The U.S.-based human rights monitoring group, Freedom House says that while Asia saw the most significant improvements in freedom last year, it still struggles with the basic issues of rule of law and freedom of expression. The group says situations in China, Tibet, North Korea and Burma are worrisome.
In its latest annual survey, Freedom House says that Asia received a mixed rating in 2009, a year marked by political progress and repression. Even so, the continent's modest improvements were the most significant worldwide.
Freedom House Asia researcher Sarah Cook says this was largely the result of gains in political rights in several countries in Asia.
Cook notes that the small south Asian island-nation of the Maldives held its first democratic parliamentary elections last year -- furthering its dramatic political transformation during the past few years.
Other bright spots were peaceful elections in Mongolia and voting in Bangladesh, which allowed an elected civilian government to replace a military-backed administration.
But not all elections were bright spots. Freedom House says the massacre of journalists and civilians in the Philippines as they made their way to register a political candidate was a sign of possibly more electoral violence to come ahead of elections this year.
Sarah Cook says that Afghanistan's political rights rating saw a decline as a deeply flawed presidential election worsened the country's already unstable security situation and exposed government corruption.
"Elections in Asia often go quite well, and there has really been a consolidation. There's less violence and more fairness and more ability for candidates to participate, but it's more in the consolidation of institutions like the rule of law and freedom of expression where things are more difficult."
As some countries in Asia saw progress, others, such as China, Burma and North Korea, continue to repress the basic rights of their citizens.
Freedom House says more than 2.3 billion people in the world live in societies where fundamental political rights and civil liberties are not respected.
China, one of the world's biggest and most populous countries, accounts for about half of that number.
Cook says that developments in China last year were marked by overt displays of insecurity as the government clamped down around politically sensitive holidays -- such as the 50th anniversary of the uprising in Tibet -- and meted out harsh prison sentences to activists, lawyers and others.
Cook says that although the case of Liu Xiaobo, a Chinese dissident who was sentenced to 11 years in prison after calling for sweeping political reforms, has received much international attention, his case is one of many others.

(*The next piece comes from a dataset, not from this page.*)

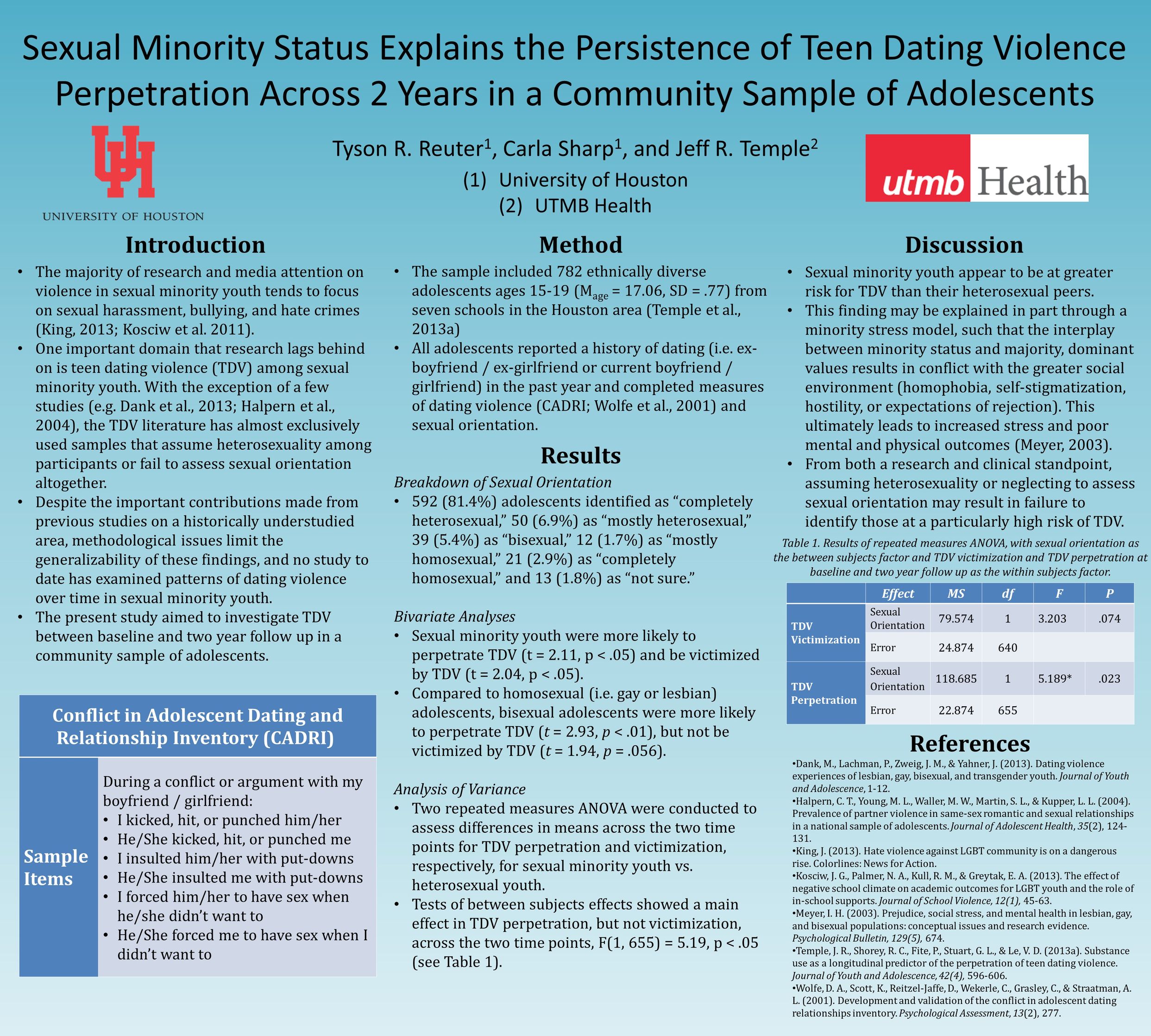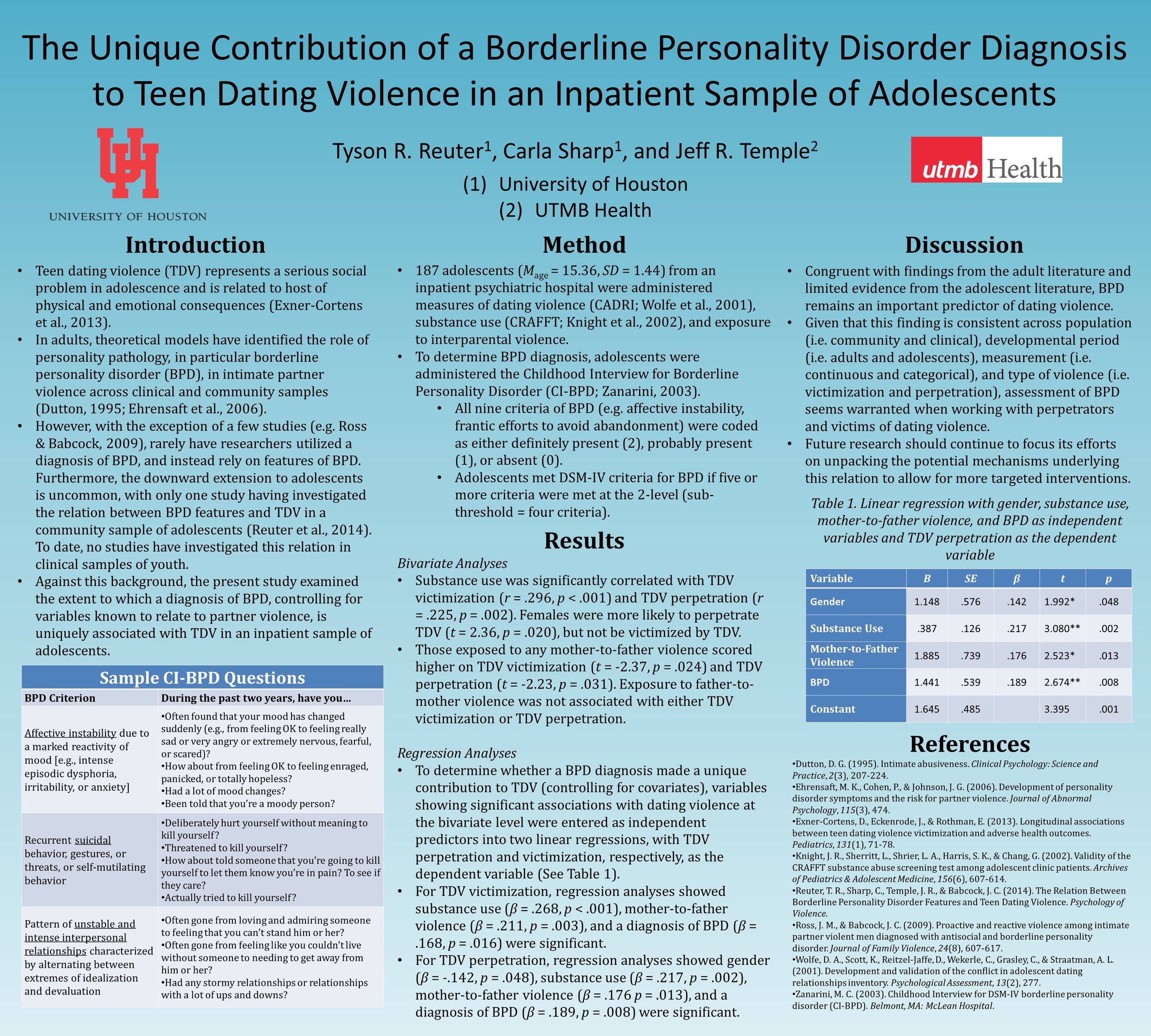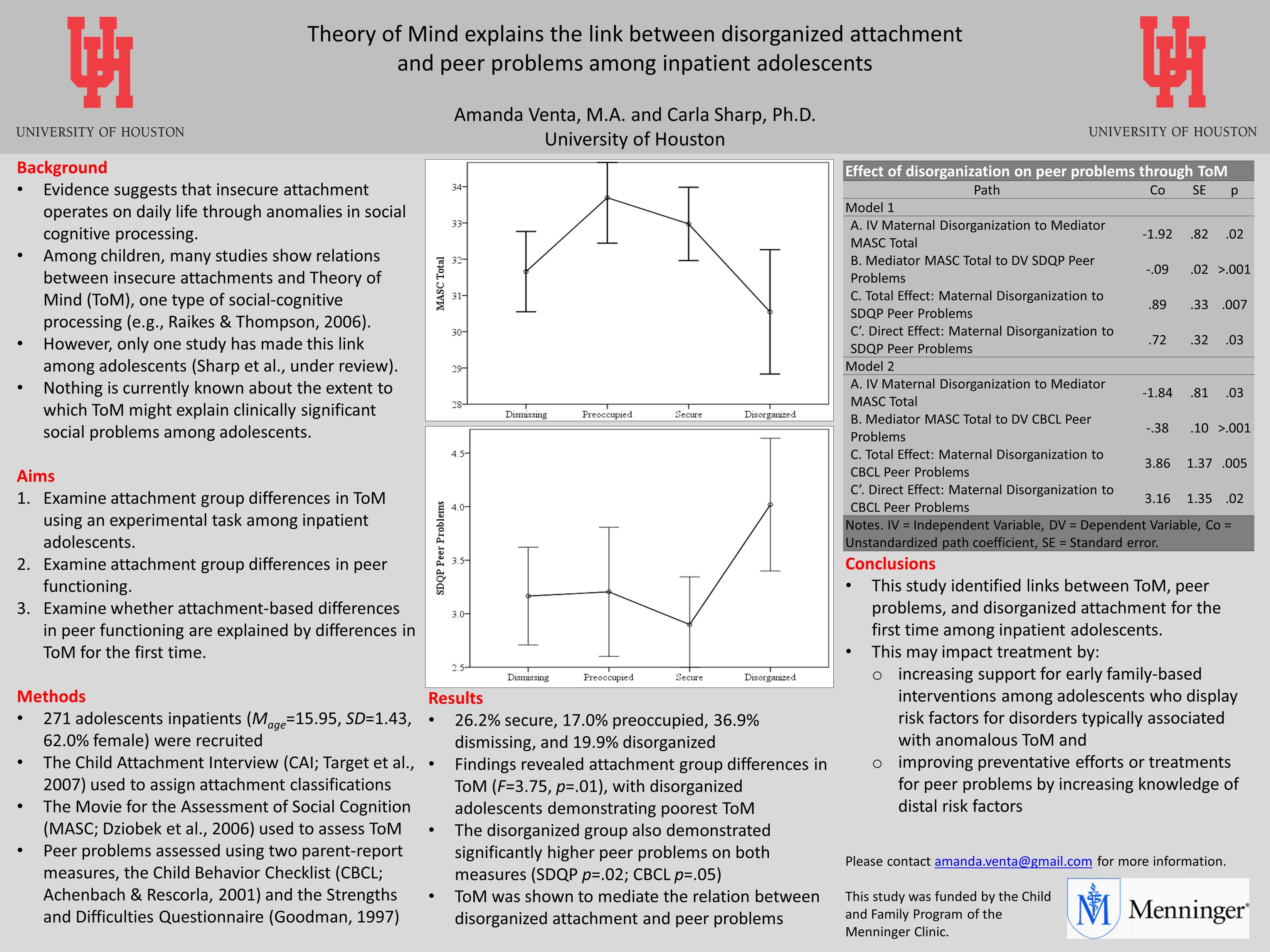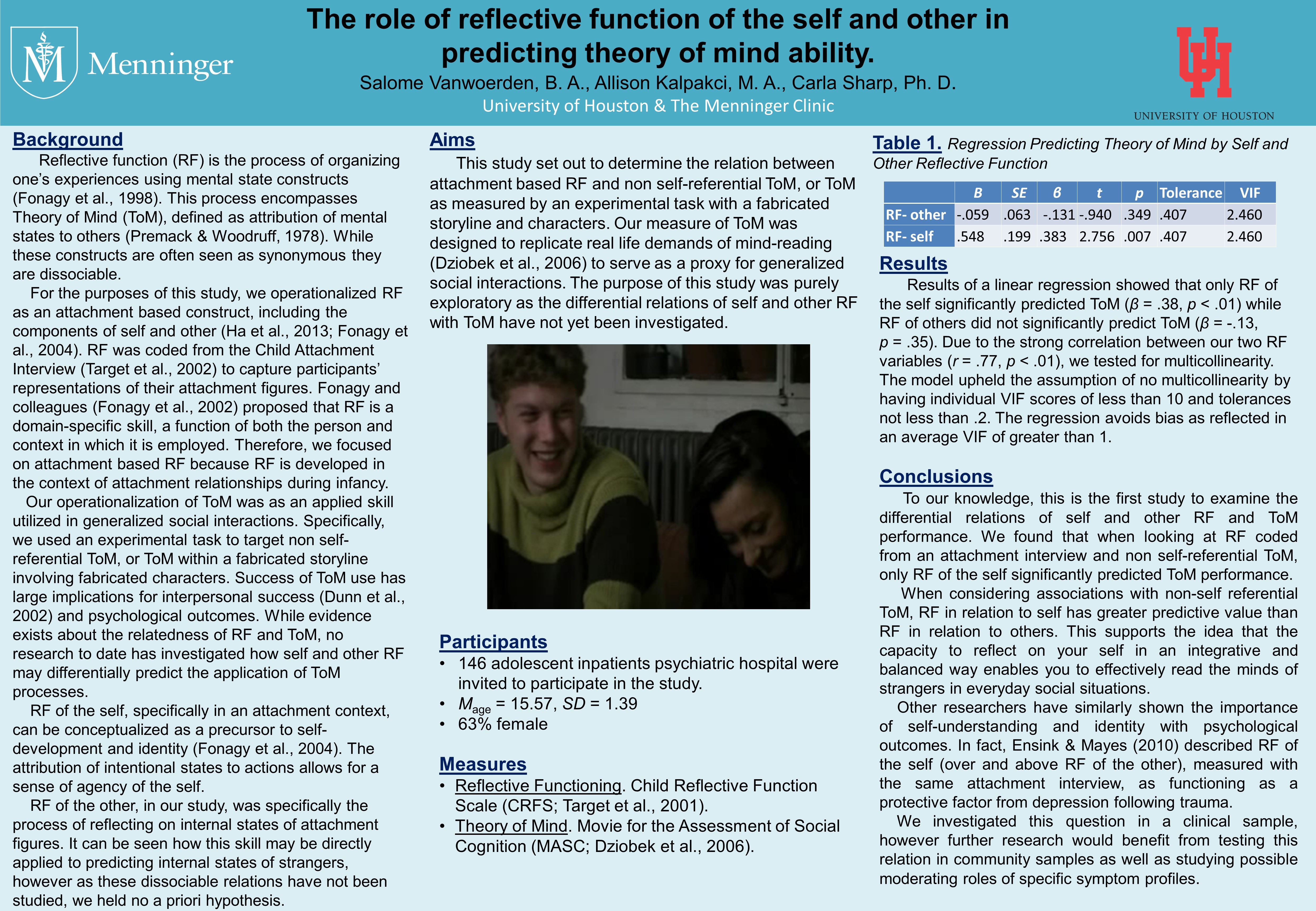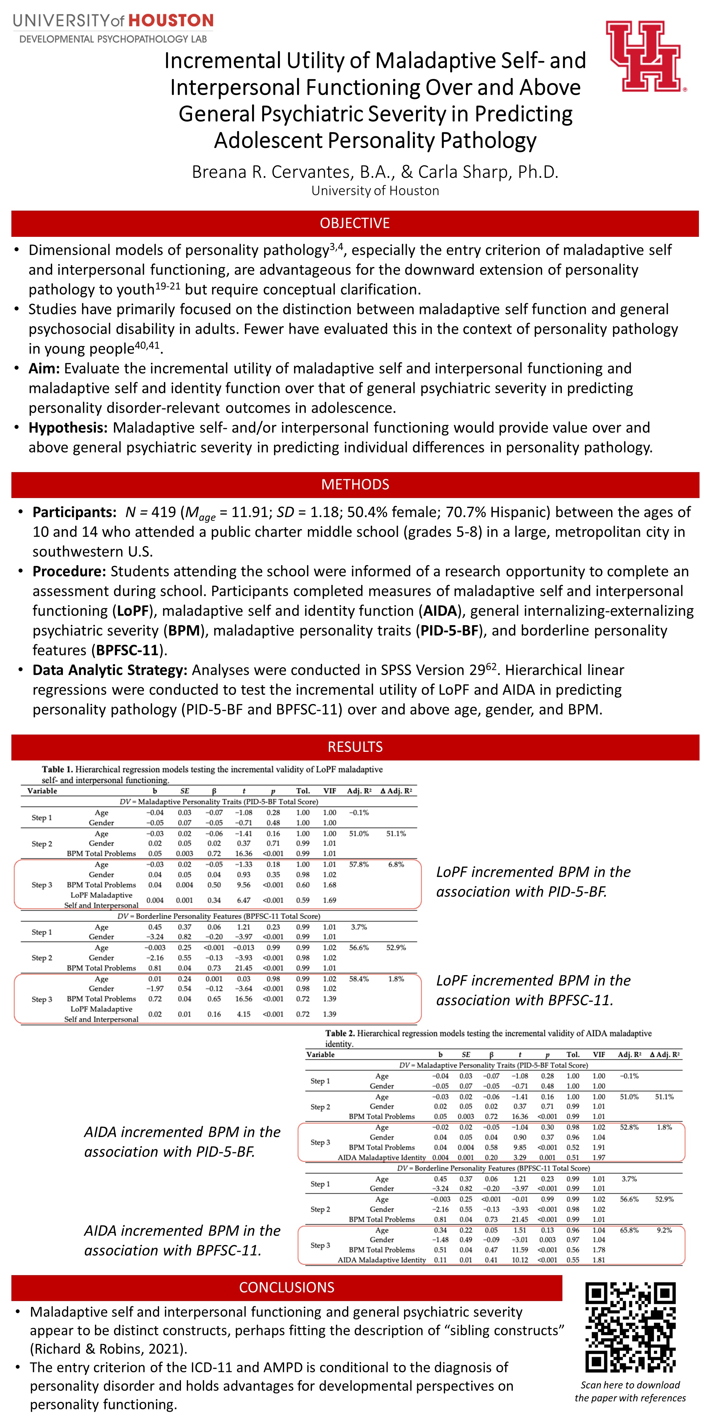 Lab Posters Qualifying Children’s Home Environment in Intimate Partner Violence Rehousing Programs: Implications for Child Psychopathology /class/psychology/clinical-psych/research/dpl/_files/posters/abct-2014_theory-of-mind.jpg ABCT 2014 Theory of Mind NASSPD 2023 Incremental Utility of Maladaptive Self- and Interpersonal Functioning Over and Above General Psychiatric Severity /class/psychology/clinical-psych/research/dpl/_files/posters/srp-2014_the-role-of-reflective-function-in.jpg /class/psychology/clinical-psych/research/dpl/_files/posters/tpa-poster-rf-and-symptom-changes_10.20.14.jpg SRP 2014 The role of reflective function TPA poster RF and symptom change /class/psychology/clinical-psych/research/dpl/_files/posters/abct-2014_sexual-minority-status.jpg /class/psychology/clinical-psych/research/dpl/_files/posters/abct-2014_the-unique-contributionof-bpd.jpg ABCT 2014 Sexual Minority Status ABCT 2014 The unique contributionof BPD ABCT 2014 Exploring the clinical utility of ABCT 2014_Expressed emotion and adolescent depression ABCT 2014_Earned Secure ABCT 2014 Experiential Avoidance Predicts Teen Dating Violence APA 2014: Hypermentalizing, Self-Injurious Behaviors, and Treatment Response in Psychiatric Adolescents APA 2014: The Relations Among Psychiatric Adolescents' Emotional Trust, Depression, and Suicide Attempts ABCT 2013: Borderline Personality Disorder in adolescence: Externalizing comorbidity and cutting NASSPD 2013: The Relation between Borderline Personality Disorder Features and Teen Dating Violence Victimization in Adolescence ABCT 2012: Evidence for Poor Reflective Function in Adolescents with Borderline Personality Disorder ABCT 2012: The Relations between Multiple Indices of Aggression in Borderline Personality Disorder Features in Adolescents ABCT 2012: A Behavioral Economics Assessment of Interpersonal Trust among Adolescents with ODD ABCT 2012: Attachment in Adolescence: Dimensional and Categorical Use of the Child Attachment Interview SWPA 2012: Criterion Validity of MSI-BPD URD 2012: Nonverbal Trust Study ABCT 2011: BPD symptom change ABCT 2011: BPD traits and Aggressive Subtypes ABCT 2011: Outcomes Incentives ABCT 2011: Experiential Avoidance, Alexityhmia, and Emotion Regulation ABCT 2011: BPD, Experiential Avoidance, and Emotion Dysregulation ABCT 2011: Emotion Regulation and Self-harm ABCT 2011: The Reflective Function Questionnaire for Youths ABCT 2011: Suicide SIG Attachment and Self-Harm APA 2011: BPD and Trauma TPA 2011: Psychometric Properties of the CI-BPD TPA 2011: Axis I Comorbidity in patients with BPD SN 2011: Downward Extension of the Trust Task SN 2011: Better the devil you know SSSS 2011: Sexual Concerns and Trauma in BPD ABCT 2010: Parent and Child Mentalization in Conduct Problems ADAA 2010: Experiential Avoidance and Anxiety ABCT 2010: Predictive power of parent vs Self Report ABCT 2010: Sensitivity and Specificity of the AFQY

"Other things we saw this year [i.e., 2009] kind of put his case in perspective. In September, you had a court sentence another democracy activist to 13 years for trying to organize a political party. There is another activist who was sentenced to 10 years."
Cook says that others in China, such as Falun Gong practitioners who had previously been sentenced to labor camp for two-to-three years, also received long sentences.
"So it's generally this kind of escalation of already long prison terms for people engaging in political or religious dissent."
Freedom House's director of research, Arch Puddington, says that although it is unlikely that change will come soon to China or Tibet, governments in North Korea and Burma appear less stable.
"There could be changes coming to North Korea and there could be changes coming to Burma. You've got regimes there that fear there own people. They are not stable regimes. They are in many respects fragile."
Puddington says that in North Korea, it is likely that after many waves of famine, unrest is likely to grow among the public or the country's military elite.
In Burma, Puddington says efforts by the international community to restore democracy or even improve things mildly have largely failed -- leaving the country stagnating as one of the least free in the world.